TASK TO COMPLETE: Set down exactly the lines that run from the one containing "Wherever you go, coffee" to the end of the material below, both included, without pictures.

EXERCISE DATA:
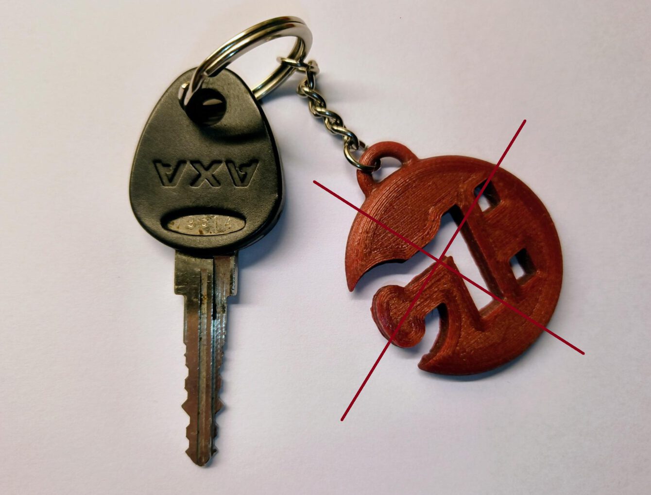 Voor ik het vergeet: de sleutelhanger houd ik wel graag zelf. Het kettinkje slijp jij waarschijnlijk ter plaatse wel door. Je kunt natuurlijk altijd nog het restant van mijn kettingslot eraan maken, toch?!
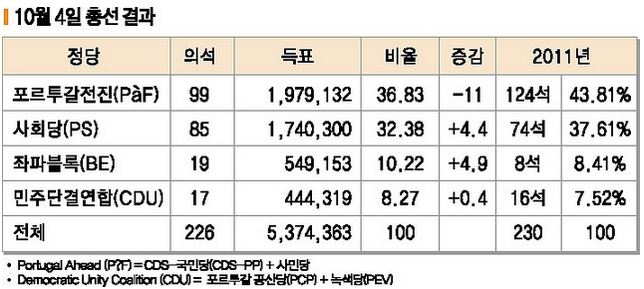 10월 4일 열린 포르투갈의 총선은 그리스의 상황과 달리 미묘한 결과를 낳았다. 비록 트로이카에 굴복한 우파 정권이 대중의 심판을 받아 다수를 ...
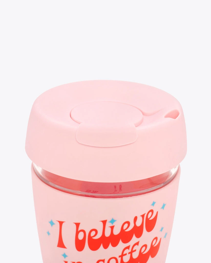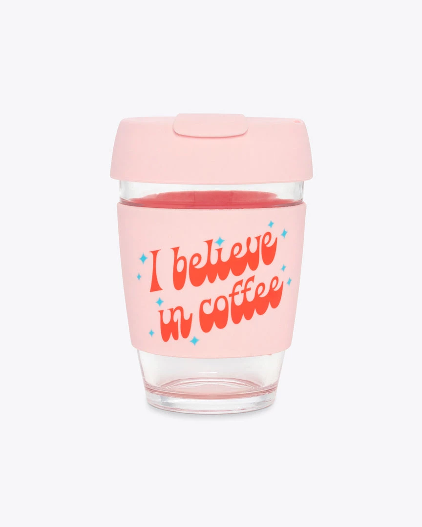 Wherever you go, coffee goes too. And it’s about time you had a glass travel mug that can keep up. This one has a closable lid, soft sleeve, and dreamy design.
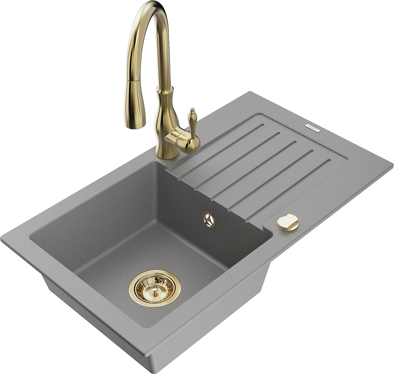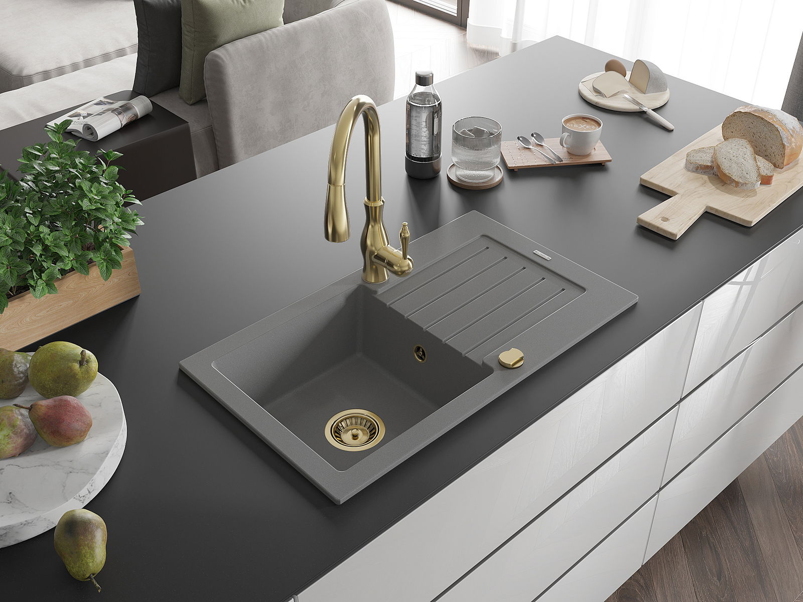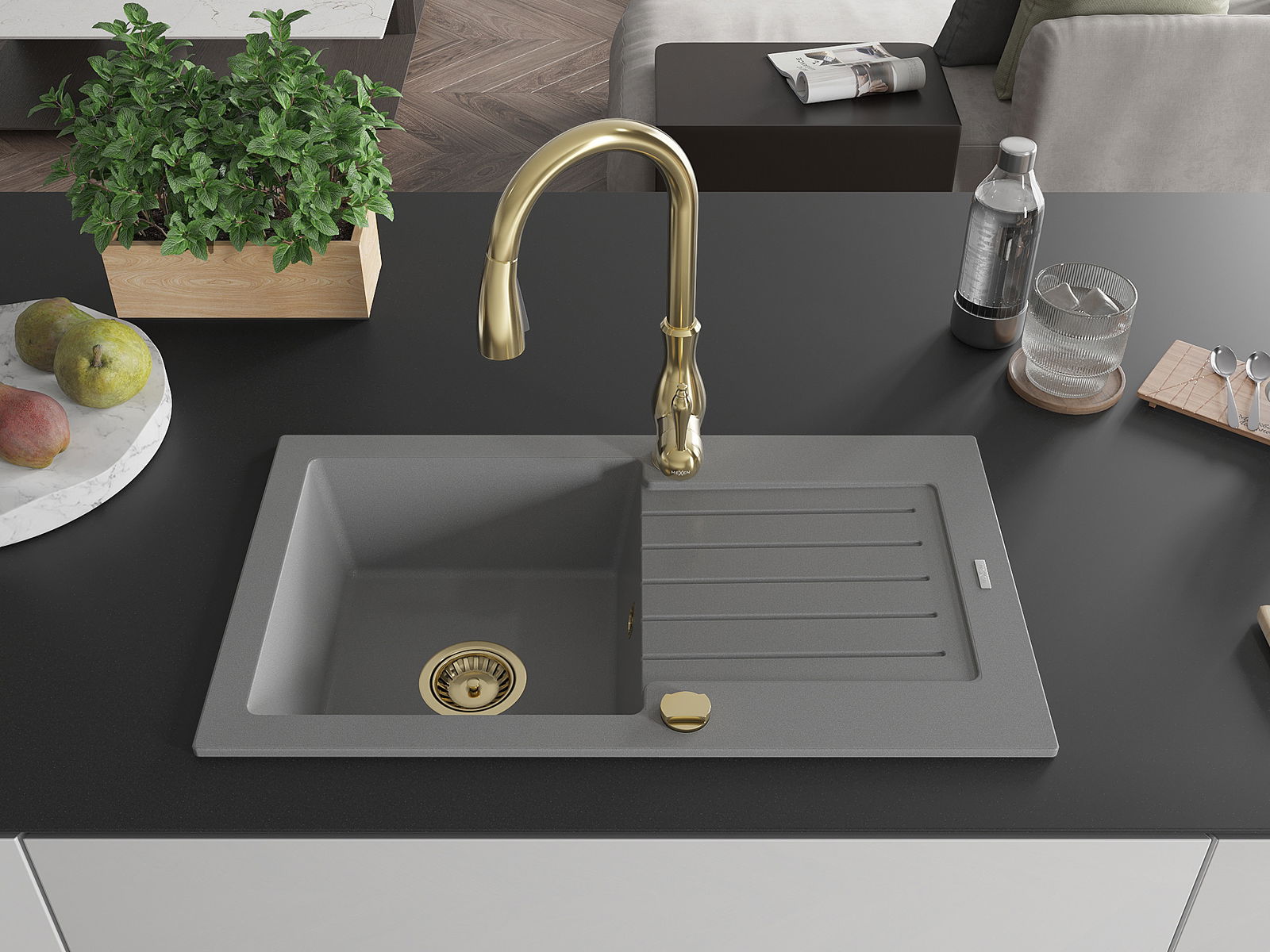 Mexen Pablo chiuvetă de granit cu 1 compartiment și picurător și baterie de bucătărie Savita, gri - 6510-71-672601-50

SOLUTION FOR THIS EXERCISE:
 Wherever you go, coffee goes too. And it’s about time you had a glass travel mug that can keep up. This one has a closable lid, soft sleeve, and dreamy design.
 Mexen Pablo chiuvetă de granit cu 1 compartiment și picurător și baterie de bucătărie Savita, gri - 6510-71-672601-50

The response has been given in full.